The company has invested considerably in research to develop its approach to running money and how clients think about their wealth.
‘We have done deep ethnographic research, spending four to five hours with people to really get to know them. People think of money in different pots, savings for this or that, and very few see it as one whole pot. The whole of Nutmeg is built around that,’ he says.
‘You can have as many funds as you like – for example, for a new car or school fees – and you can target the amount and timeline, specifying the level of risk you want to take. This is not just offering high, medium or low risk models, but looking at it more deeply, such as where the money came from. People might be less risk averse with, say, an unexpected inheritance.
‘They can go in at any time and change the risk profiles on any of their funds.’
New clients are required to sell down their existing portfolios, as Nutmeg does not take on legacy assets, but Hungerford says for doing this, they will be rewarded with a properly diversified multi-asset portfolio tailored to their needs.

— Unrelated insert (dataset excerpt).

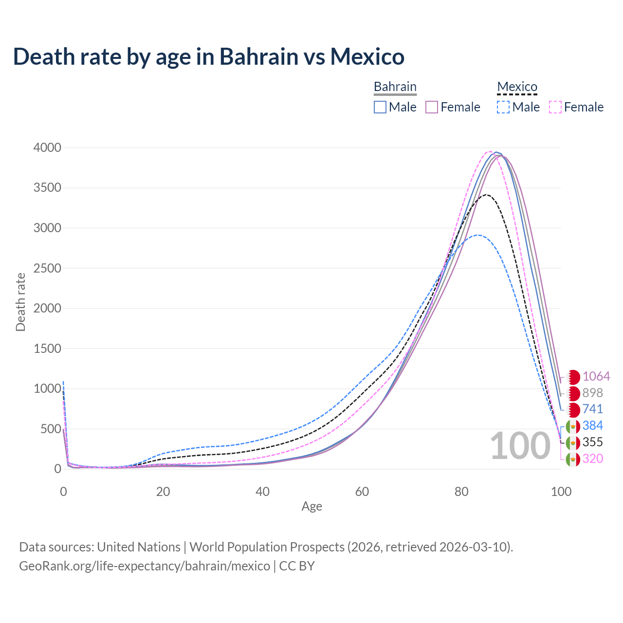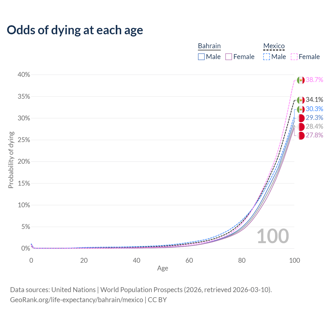 This life expectancy calculator shows the odds of living to 100, 95, 90, and below based on current age for both males and females in Bahrain and Mexico, along with mean and median age of death. The calculations are based on the 2026 life tables (actuarial tables) from the UN World Population Prospects.

Its charges are as low as 0.3% for those with £500,000, tiered up to a maximum of 1% for smaller investors, plus an average 0.3% underlying fund cost, which is kept low by predominantly using passive funds. However, this reduces over time with clients receiving loyalty rewards for staying with the firm at various intervals and further discounts are available for recommending the service to friends.

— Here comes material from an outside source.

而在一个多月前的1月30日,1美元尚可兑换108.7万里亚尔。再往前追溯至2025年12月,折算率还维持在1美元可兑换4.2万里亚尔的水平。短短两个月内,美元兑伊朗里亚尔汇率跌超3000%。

‘We have eliminated transaction costs and for £1,000, investors get access to nine different asset classes, 40 countries and 20 sectors, rebalanced every month according to their risk profile,’ he says.
‘A year’s worth of Nutmeg costs you the same as what you pay for your popcorn and drink at the cinema. We think we will consistently outperform. No-one else has the flexibility to trade for zero costs and deliver a comprehensive endowment style portfolio. They can’t or won’t compete with us on fees.’
He says all client assets are held with Pershing and the company has a three-tier investment process with the team headed by former BDO Investment Management chief investment officer Shaun Port.
The asset allocation committee sits around him and includes Hungerford, the group’s team of analysts and its chairman, KGR Capital founder Nicholas George.
Above that, Nutmeg has an external investment advisory group, which Hungerford says offers a general sense of direction and gives the firm three layers of governance. The advisory group is packed full of heavyweights, including John Beshears, assistant professor of finance at Stanford Graduate School of Business, Andrew Clare, who is a former Bank of England Monetary Policy Committee member and Todd Ruppert, the former president of T. Rowe Price International.
Nutmeg also has an external management advisory team, which is no less impressive, containing luminaries from a range of sectors.
These include John Thirlwell, the former chairman of the UK Financial Services and Insurance Committee of the International Chamber of Commerce, Maria Molland, a past CEO of Lipper and Jane Fuller, the co-director of the Centre for the Study of Financial Innovation and a former editor at the Financial Times.
Considering the financial backers Nutmeg also enjoys, it all adds up to a very serious set of players putting their weight behind the outfit. Their credibility is matched by Hungerford’s desire and commitment. Although clearly fiercely ambitious, he cannot be described as an online zealot, and is considered and intelligent in conversation.
He adds that further product wrappers will be added over the next year and a launch into Europe is likely in a few years.
With its charging structure, Nutmeg clearly needs scale to be profitable, but Hungerford is sanguine about this pointing out that Amazon took eight years to break even, although he would like to do so sooner.
‘The reality is we will always delay breakeven if we continue to grow at the pace we are doing and put more into advertising,’ he says –so expect to keep seeing those Tube adverts for the foreseeable future.